While in prison, Akutsu is unable to meet with Nana and Kensuke because he has no legal familial relationship with them. He is permitted to send letters to Nana for a limited period, but the letters are inspected by prison officials and suspicious passages are blacked out. Akutsu deliberately uses the censorship to his advantage. Because of his extraordinary ability to visualize and draw maps, he designs the letters so that the censored sections form clues to the location of money he secretly withheld from the robbery.

Akutsu keeps approximately 70 million yen hidden from Tsutsumi. His decision to conceal the money is part of a larger plan to keep Tsutsumi from finding Nana and Kensuke and to ensure that they will have financial security after his imprisonment. Over the following decades, Akutsu remains incarcerated while Nana raises Kensuke, who survives his transplant and eventually grows into an adult.

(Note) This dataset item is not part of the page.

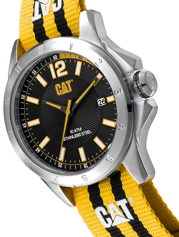 همیشه یکی از برندهای محبوب افرادی که استایل اسپورت دارند، کترپیلار بوده است. برند کترپیلار علاوه بر تولید محصولات صنعتی در عرصه‌ی ارائه‌ی ساعت هم دست داشته  و با  طراحی ساعت هایی جذاب با رنگ های مختلف( البته بیشتر دو رنگ زرد و مشکی، بعلت رنگ سازمانی خود برند) همیشه موفق بوده است. YW.141.67.137یکی از ساعت های مینیمالیستی کالکشن BIG TWIST 24 برند آمریکایی کترپیلار،با بند پارچه‌ای زرد و مشکی راه راه میباشد که این ترکیب رنگ خاص CAT در صفحه‌ی ساعت هم توسعه یافته است. کترپیلار با ارئه‌ی این ساعت، مدلهای کلاسیک این کالکشن را به‌روز کرده است.  بدنه‌  از استیل ضدزنگ ساخته شده و کت برای تنظیم این ساعت از سردسته‌ای با طراحی جدید استفاده نموده است. تا 100 متر در برابر آب مقاومت دارد و به علت وزن سبک خود ، هیچگاه مچ دست را هنگام استفاده طولانی مدت اذیت نمی کند. بند پارچه‌ای ساعت به شکل نیتو  NATO ساخته شده تا به عنوان یک بند اسپورت جذاب در طراحی زیبای ساعت نقشی اساسی داشته باشد. ایندکس های ساعت به صورت شب نما طراحی شده اند تا در تاریکی به راحتی زمان را بخوانید. موومنت این ساعت کوارتز ساخت کشور ژاپن میباشد که در موقعیت عدد3 روزشمار را ارئه می کند.

More than 30 years later, an elderly Nana returns to the apartment where she once lived with Akutsu after being discharged from the hospital where she too once heard a balsam flower speak to her. With the help of the clues contained in his old letters, she realizes that they form a map leading to the hidden money. Nana and Kensuke eventually locate the 70 million yen, while Tsutsumi, having discovered that Akutsu left something behind, attempts to find it by ransacking the apartment, but fails.

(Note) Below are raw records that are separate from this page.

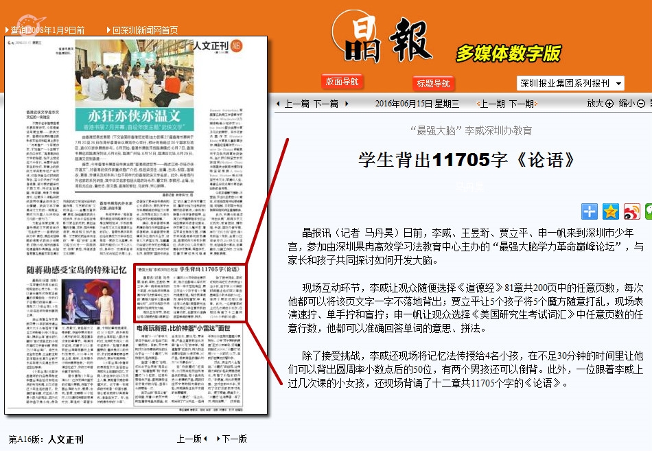 除了接受挑战,李威还现场将记忆法传授给4名小孩,在不足30分钟的时间里让他们可以背出圆周率小数点后的50位,有两个男孩还可以倒背。此外,一位跟着李威上过几次课的小女孩,还现场背诵了十二章共11705个字的《论语》。
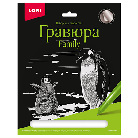 Гравюра " Lori " 18*24см с эффектом серебра Пингвины, основа с контуром рисунка, штихель, инструкция
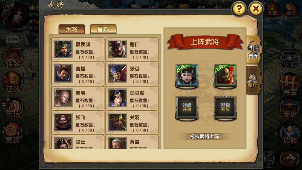在游戏中可以收集武将星石招募对应武将,武将星石可以通过精英副本获得。

Alongside the money, Nana discovers a portrait of herself drawn by Akutsu. Hidden within the drawing is a message in which Akutsu finally expresses the words he had been unable to say during their life together: "I love you." Nana realizes that Akutsu's "big comeback" was not about obtaining money, but about ensuring that she and Kensuke could escape the yakuza world and live safely after his imprisonment.

Back in prison, Akutsu learns from the balsam flower that Nana and Kensuke are safe and that his plan has succeeded. Having finally accomplished what he had spent decades preparing, Akutsu accepts that his life is coming to an end. He dies peacefully in his cell, while the balsam flower remains beside him.

==Production==
The film was announced by the Annecy International Animation Film Festival on May 24, 2024. It is produced by CLAP and directed by Baku Kinoshita, with Kazuya Konomoto writing the screenplay, both of them worked together on Odd Taxi. Kinoshita is designing the characters, and Cero, Shōhei Takagi, Tsubasa Hashimoto and Yū Arauchi are composing the music. Kaoru Kobayashi, Junki Tozuka, Hikari Mitsushima, Yoshiko Miyazaki, and Pierre Taki were cast in the lead roles. The film's theme song is "Moving Still Life" performed by Cero.

===Release===
The film was distributed by Pony Canyon, who released the film in theaters on October 10, 2025. Anime Limited and Plaion Pictures licensed the film for distribution in the UK, Ireland, France, Germany, Australia, and Switzerland. The film was released in Australia through Sugoi Co distributing it on April 23, 2026. The film was theatrically released in North America through GKIDS distributing the film on August 30, 2026.